# industry standard for baker's salary (NYC)



## blauchner (Oct 21, 2010)

I work in a coffeehouse in NYC as the head baker. Actually, I am also the kitchen manager, as I am the person who deals with everything food. I do all the ordering, inventory, pricing and baking. I AM the kitchen. I know that I am grossly underpaid ($13/hr) but I have been told that if I start taking custom orders (cakes, cupcakes, pies, etc..) I can get a percentage. The same is true for the new savory options I am planning to start offering. The place has recently undergone an expansion and is doing a TON of business. I know that the foods I make are bringing in at least 60% of the profits. Here are my questions:

What is the industry standard for my position? (I have 8 yrs experience running my own catering/baking company and have worked in other high-volume bakeries)

What percentage should I ask for the savory options and for all the custom orders?

Do they have a right to keep my recipes when/if I decide to leave?

How do I approach the owners with my requests?

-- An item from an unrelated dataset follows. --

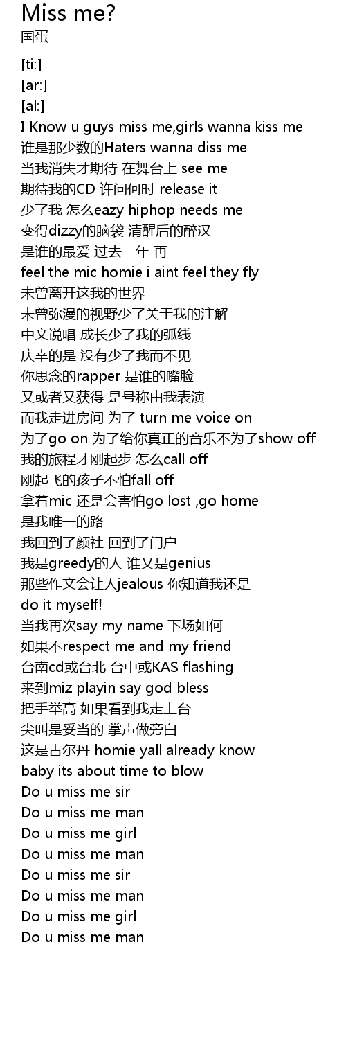 | [00:20.99] | I Know u guys miss me, girls wanna kiss me |

Any advice would be greatly appreciated. Thanks!


----------



## gumboots (Oct 8, 2010)

Sorry, this is completely off topic because I have no answers to any of questions - but would you mind sharing the name of your establishment? I'm from New York and I'm very interested in this type of work.


----------



## blwilson2039 (Aug 26, 2010)

I hope this helps. Yeah, if you're in NYC, you're underpaid. You should be getting at least $15/hr, but at your level I would say $17-18 would be more like it. But that's up to the owners. We're in a tough economy and it's not a good idea to get greedy, but you should make sure you are showing yourself to be valuable to the owners.

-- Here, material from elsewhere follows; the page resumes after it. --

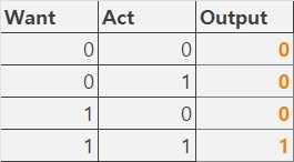 4가지 중 3가지는 고통의 경우의 수이다. 다음과 같다.⑴원하지 않는 일(0)을 하는 것(1)은 고통(0)이다.

Put your savory proposals on paper with food costs and estimated sales, the present them to the owners. All owners are interested in the bottom line. I would think 10-15% would be fair to ask, and if the items are profitable, it shouldn't be a problem.

As far as recipe ownership goes, they only own your recipes if you signed an agreement when you became employed. I faced a similar situation recently and was happy to know they didn't have me sign a proprietary agreement. I did not leave on good terms and wasn't inclined to leave them with any of my recipes. So I didn't. However, if you ever work for a large company, they will have you sign that type of agreement. And they won't hire you unless you sign it. Just don't put any of your recipes into their computer or give anyone a copy. Unless you're hired to specifically create recipes for your job, I can't see giving away your hard-earned secrets. But that's just my opinion.

Good luck.


----------